God always understands. God is always compassionate. God is always merciful. I know all of this to be true, but why do I still long for other’s compassion, understanding, and acceptance? It’s like I am a glutton for punishment or something. I know only God can fully give me what I am longing for, and yet over and over again I am seeking it from humans. Humans will let me down all the time, but my God NEVER will. I shouldn’t even be shocked when a human lets me down, I should almost expect it. I am human, and I let people down ALL THE TIME. Why do I put so much weight on what others think about me or how they feel about me? Well, because I am human!
One of my gifts from God is mercy. Showing mercy typically comes easy to me. In my mind, I show mercy because everyone needs it, especially me, and I love people enough to hand it out freely. Here is where my thinking deceives me; if someone doesn’t show me mercy then I think I must not be loved enough to be shown mercy. I believe people are worth mercy, so if I am not shown mercy then I must not be worth it. Well, now isn’t that a twisted thought process! I feel like it is a constant mental battle that I rarely win.

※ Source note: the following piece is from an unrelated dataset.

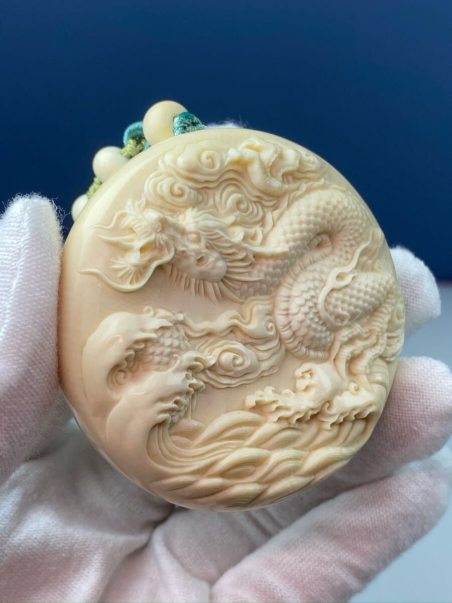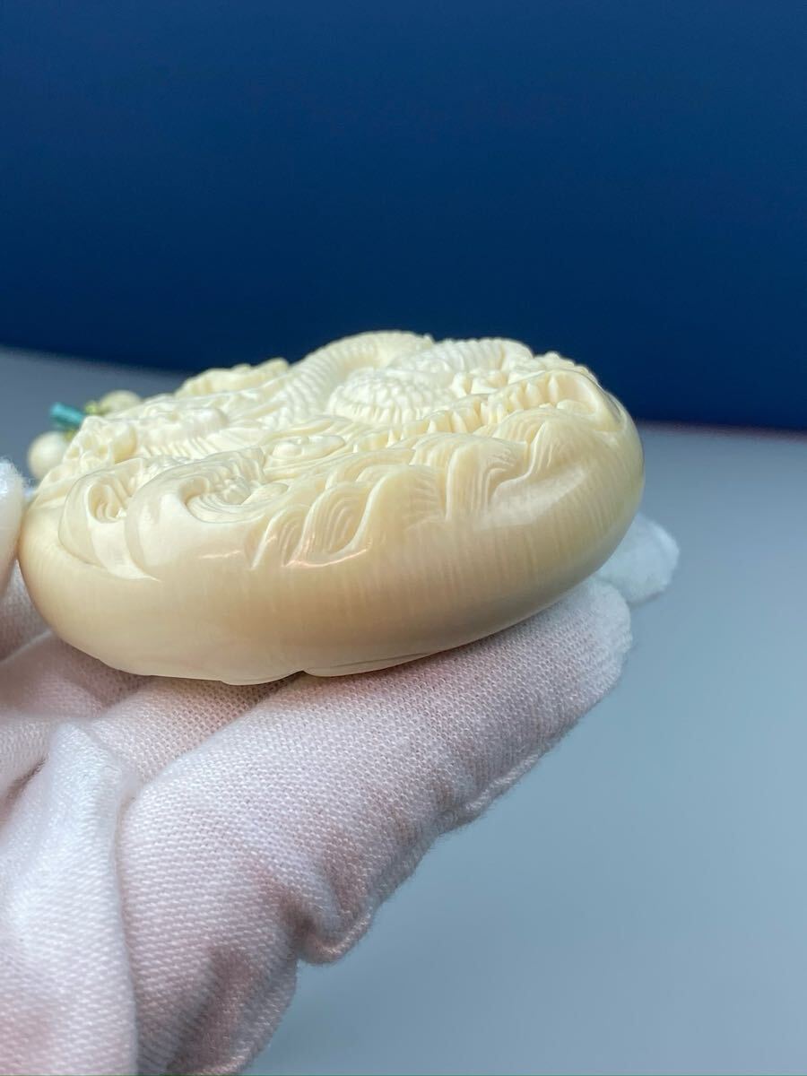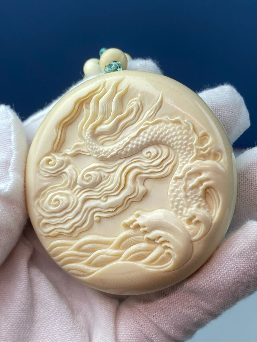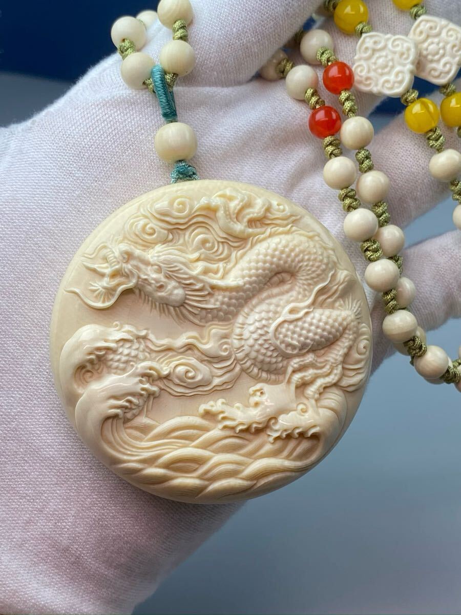 商品名:天然マンモス牙美しい手作り彫刻 龍行天下 ペンダント

Ok, so here it is; anyone following my blog knows I struggle with my menopausal emotions. I know it is impossible to explain to someone why I feel the way I feel, or why I act the way I act when I don’t even know myself. You know the saying, “Fear is a liar”; well, I am here to tell you, so is menopause! I find myself trying to explain to people (especially my husband) that I am trying to get a handle on my emotions and I am struggling. I get caught up in explaining why I feel the way I feel in search of mercy, grace and compassion. Here is a piece of truth; I show compassion to everyone but myself. I seek from others what I can’t even give myself. I hate admitting that. I hate the way it sounds. Truth is not always pretty or easy. I know by admitting these things I am exposing myself to people who will judge me and not understand me at all, but I believe I am not alone in my struggles so I share so others will not feel alone in their struggles. If you struggle with any of this I want you to know that I get you, and I have all the grace and mercy for what you are dealing with.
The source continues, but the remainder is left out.